All about the politics
Neither McKim nor the Coalition seemed interested in waiting for what the ACCC might say in its enquiry into price gouging. Nor did they seem interested in what the Emerson Code of Conduct final report had to say about the worth of inserting break-up powers for supermarkets into the Consumer and Competition Act.
Emerson, a former Minister for Competition Policy and Consumer Affairs in the Rudd government, had made the following devastating comments about break-up powers applying to supermarkets on 24 June:
“The Review does not support a forced divestiture power to address market power issues in the supermarket industry…..If forced divestiture resulted in a supermarket selling some of its stores to another large incumbent supermarket chain, the result could easily be greater market concentration. If large incumbent supermarket chains were prohibited from buying the divested stores, that would leave only smaller supermarket chains and foreign supermarkets as potential buyers. Further, if these smaller chains were not interested or were not in a position to buy, these stores would be forced to close…..Advocates of forced divestiture laws for supermarkets argue that the threat of forced divestiture would be an effective deterrent to anti-competitive behaviour by supermarket chains. But the threat of forced divestiture would need to be credible to have this effect, and the problems outlined above would ensure it lacked credibility.”
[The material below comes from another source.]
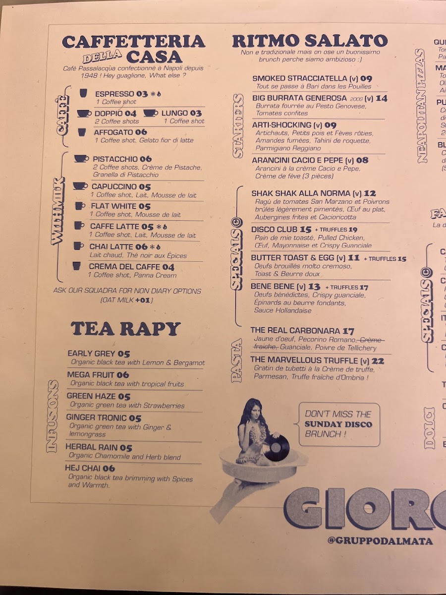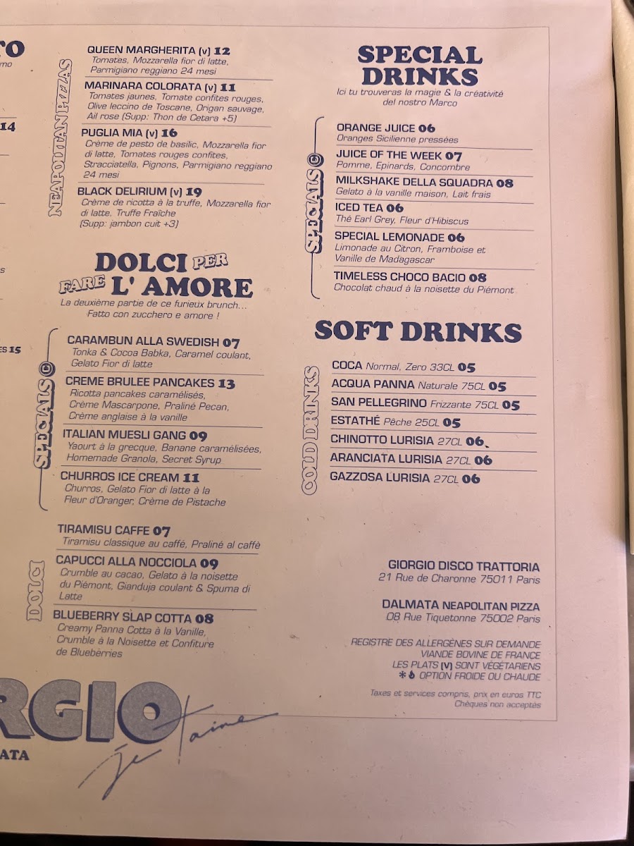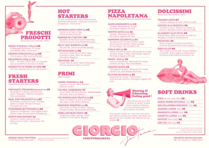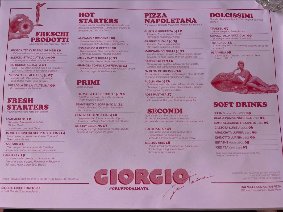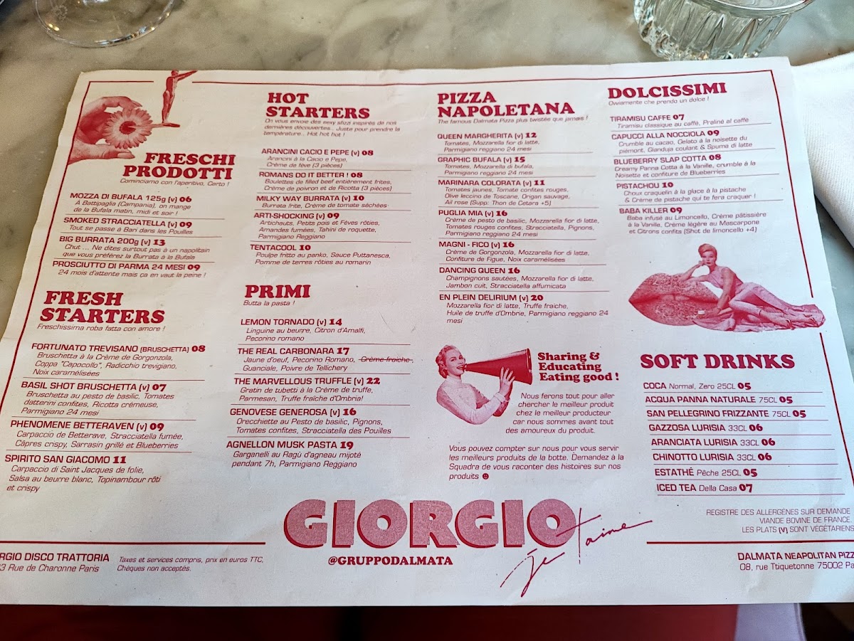 Introducing the menu at Dalmata Paris 11 (Ex Giorgio), a gem nestled on Rue de Charonne, offers a delightful journey through authentic Italian flavors. Renowned for its Neapolitan-style pizzas, the menu features a variety of shareable bites, including Cacio, Pepe & Amore fried balls, which harmoniously blend crispy textures with creamy ’nduja sauce. Don't miss the iconic Big Burrata, a true taste of Puglia, or the tempting Milky Way Burrata that pairs beautifully with sundried cherry tomato cream. For a sweet finish, indulge in their unique Limonemisu, a refreshing twist on the classic tiramisu. Each dish is crafted with fresh ingredients, ensuring vibrant flavors and an unforgettable dining experience. With attentive service and a lively atmosphere, Dalmata Paris 11 promises not just a meal, but a celebration of Italian culinary traditions.

Further to Emerson, each of the last three big reviews of competition law in Australia, in 1993 (Hilmer); in 2009 (Dawson); and in 2015 (Harper) rejected increased divestiture powers being introduced.
The current Chair of the ACCC, Gina Cass-Gottlieb, said on 4 April: “My priority is strengthening Australia’s merger laws and new powers to tackle unfair practices. We are not prioritising [break-up powers].”
In the meantime, the latest CPI release from the ABS, for the year to May 31, shows that while overall inflation spiked to 4%, the Woolies and Coles area of the figures, “Food and non-alcoholic beverages” showed an annual increase of 3.3%.
In effect, this major category of goods sold by the big supermarkets showed an annual price increase well below general inflation and wage increases.
Regulating for the wrong reasons
My argument is not that the big supermarkets do not need to be regulated and watched. Obviously, they have enormous influence on most of our lives.
But the processes the Federal Government, Opposition, and Greens have followed in trying to show how hairy-chested they are in chasing down a public bogey man each has tried to establish in the minds of consumers are ephemeral, inconsistent, and lacking credibility.
At the Coalition private members bill announcement on 2 July, great store was put on the fact that both the US and the UK have break-up powers in their competition law. No mention was made that neither New Zealand nor the European Union do.
Also, no one from the Greens, the Liberals, or the Nationals has yet said what Treasury advised in its briefing note on 15 April: that the last successful divestiture case in the US was in 1982 and in the UK in 2009.
Ian McGarrity is a freelance writer who formerly was the Executive Producer of ABC TV documentary and current affairs programs, and the first Head of SBS TV and later deputy to the Head of ABC TV. As nominee of the 7, 9 and 10 TV Networks he later became Chair of Digital Broadcasting Australia.